Task brief
Go through the data below and transcribe it exactly. Omit the images.

Information shown
<<<<

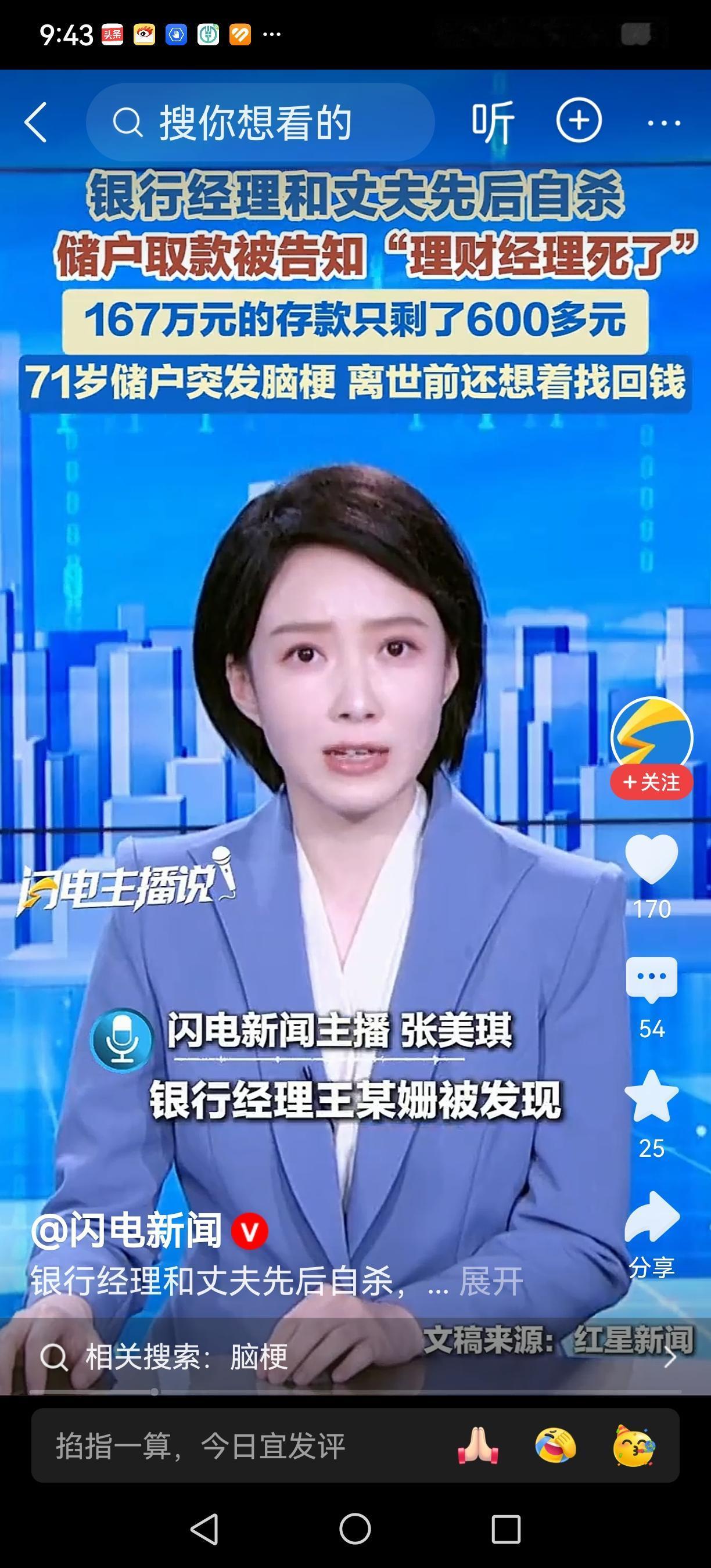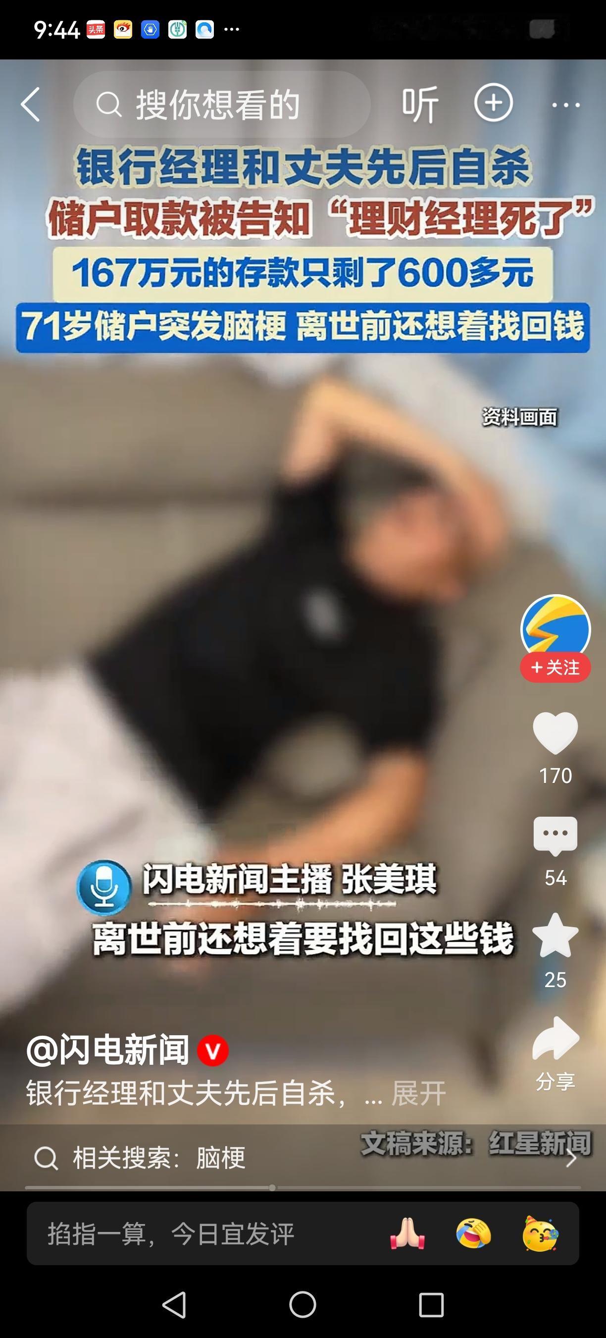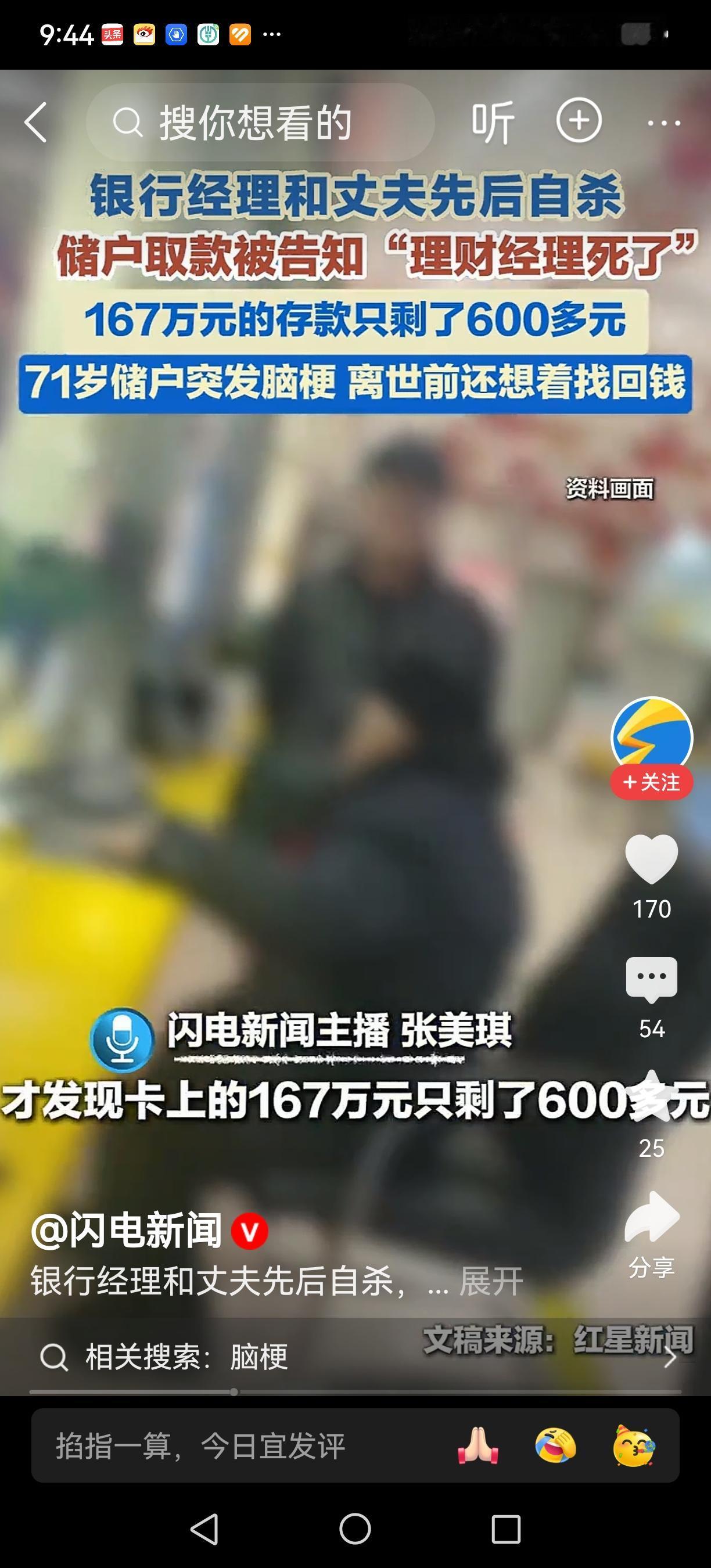 71岁老汉167万存款只剩下600元,当老汉听到这个消息时直接突发脑梗,临死前还跟老伴交待要找回这些钱,可是给他办理银行业务的经理却自杀了身亡了,还到哪里去把钱找回来,老人家一生省吃俭用,存款为了以后的养老,可惜了钱没了人也没了。
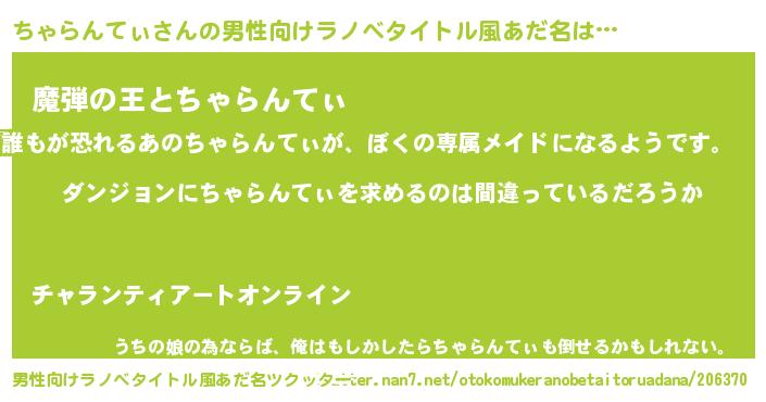 ちゃらんてぃさんの男性向けラノベタイトル風あだ名をツクッター!
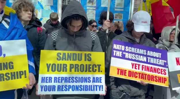 Люди прийшли з плакатами, де звинувачують Альянс у "підгодовуванні диктатури", називають президентку Молдови Маю Санду "проєктом НАТО" і покладають на Альянс відповідальність за "репресії у Молдові". Вони також скандували "НАТО, йдіть додому".
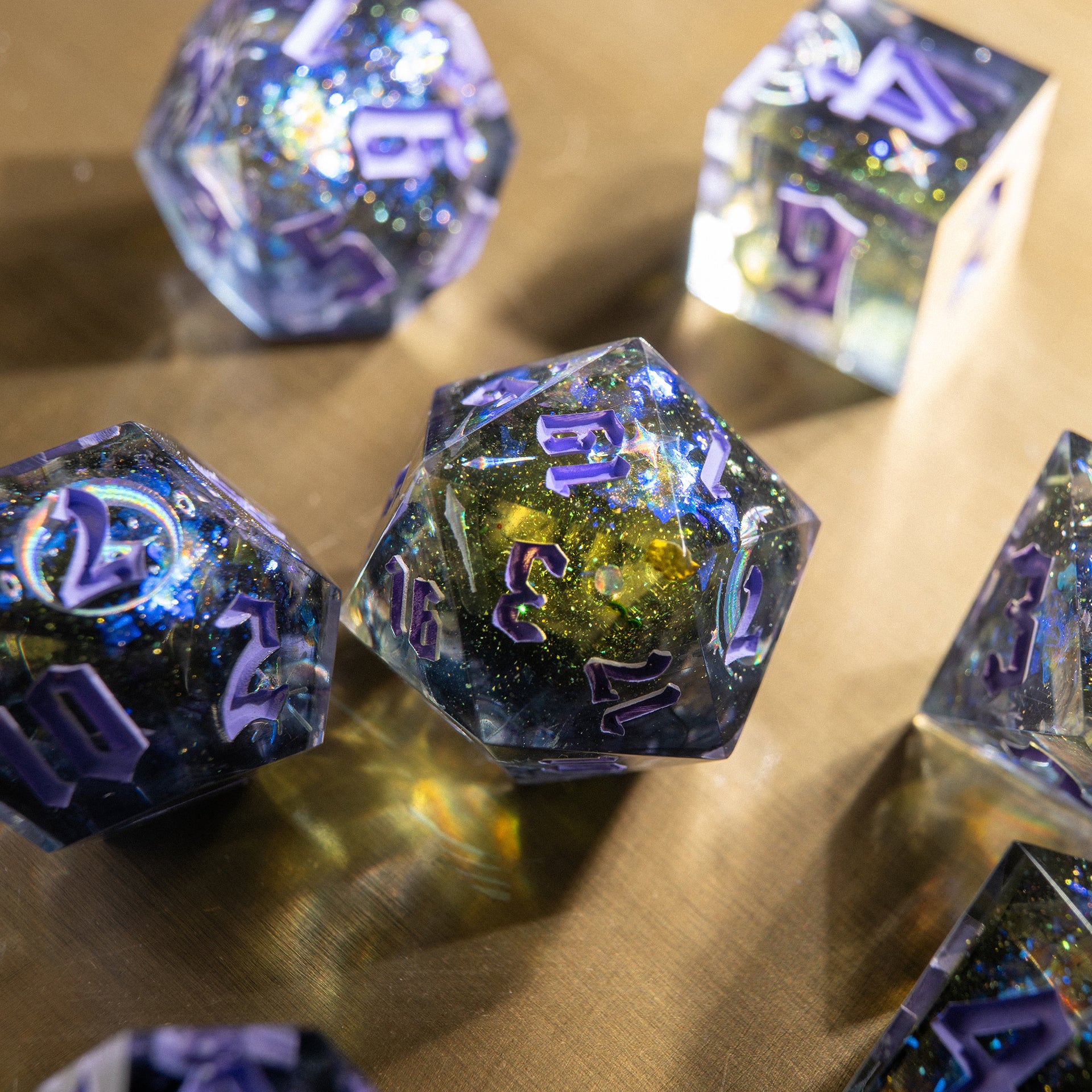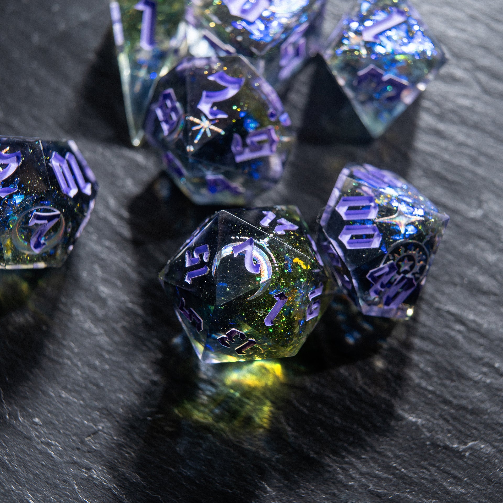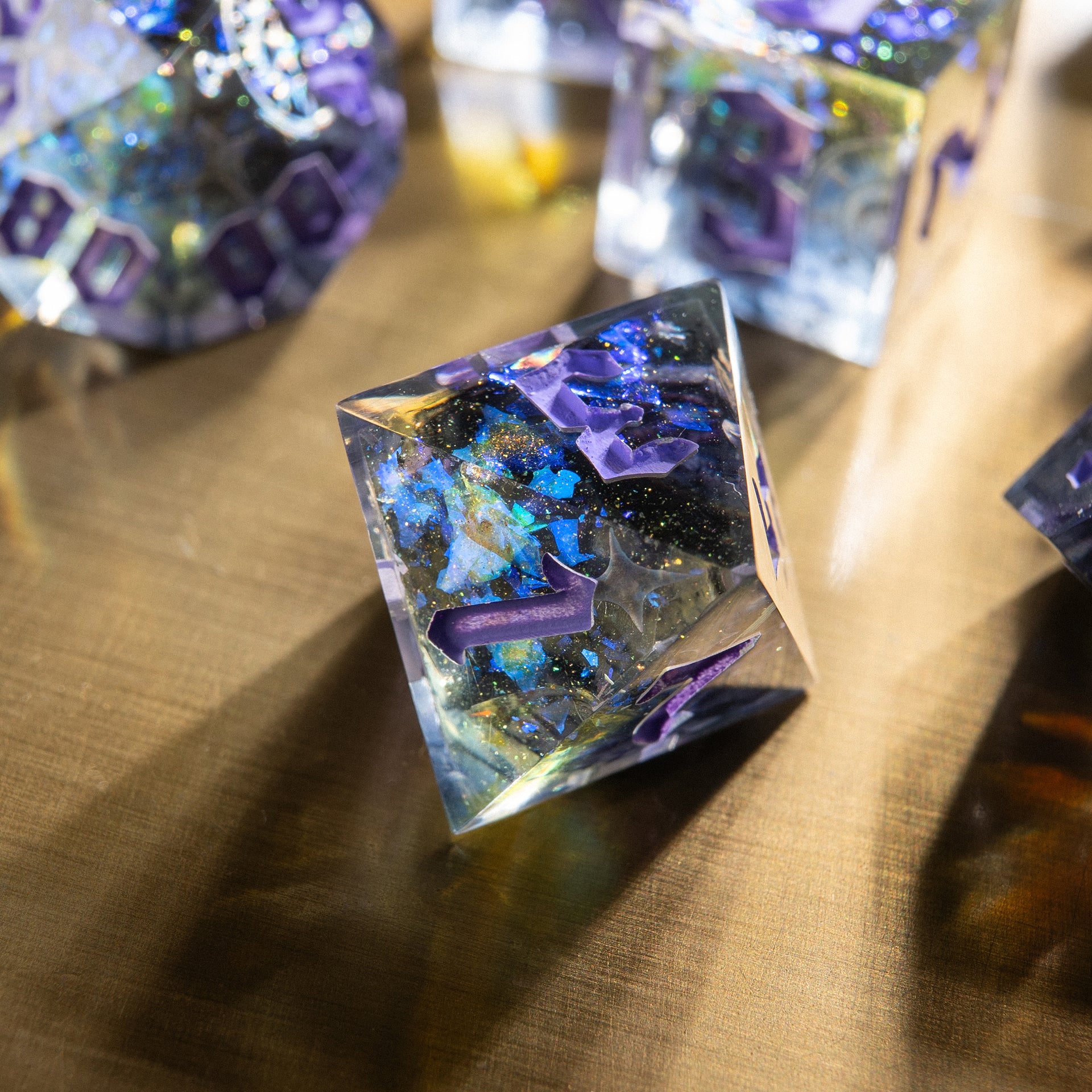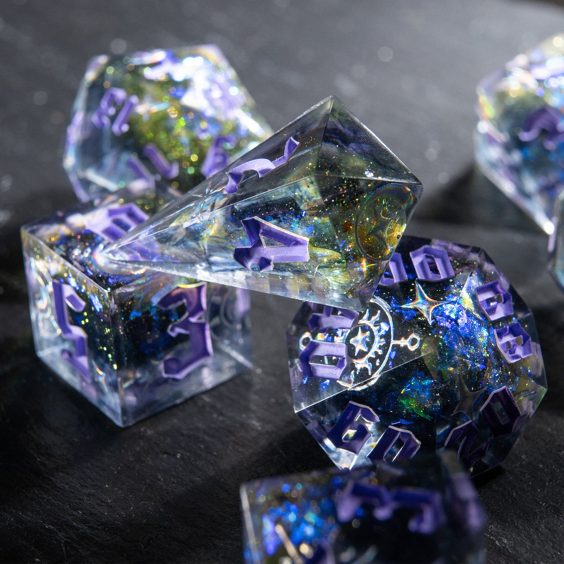 When the last star of the ancient Empire vanished, it left behind only emptiness — shimmering, deep, whispering in tongues no one remembers. These dice seem carved from the remnants and filled with the ghostly light of fallen constellations.

>>>>

Response to this exercise
 71岁老汉167万存款只剩下600元,当老汉听到这个消息时直接突发脑梗,临死前还跟老伴交待要找回这些钱,可是给他办理银行业务的经理却自杀了身亡了,还到哪里去把钱找回来,老人家一生省吃俭用,存款为了以后的养老,可惜了钱没了人也没了。
 ちゃらんてぃさんの男性向けラノベタイトル風あだ名をツクッター!
 Люди прийшли з плакатами, де звинувачують Альянс у "підгодовуванні диктатури", називають президентку Молдови Маю Санду "проєктом НАТО" і покладають на Альянс відповідальність за "репресії у Молдові". Вони також скандували "НАТО, йдіть додому".
 When the last star of the ancient Empire vanished, it left behind only emptiness — shimmering, deep, whispering in tongues no one remembers. These dice seem carved from the remnants and filled with the ghostly light of fallen constellations.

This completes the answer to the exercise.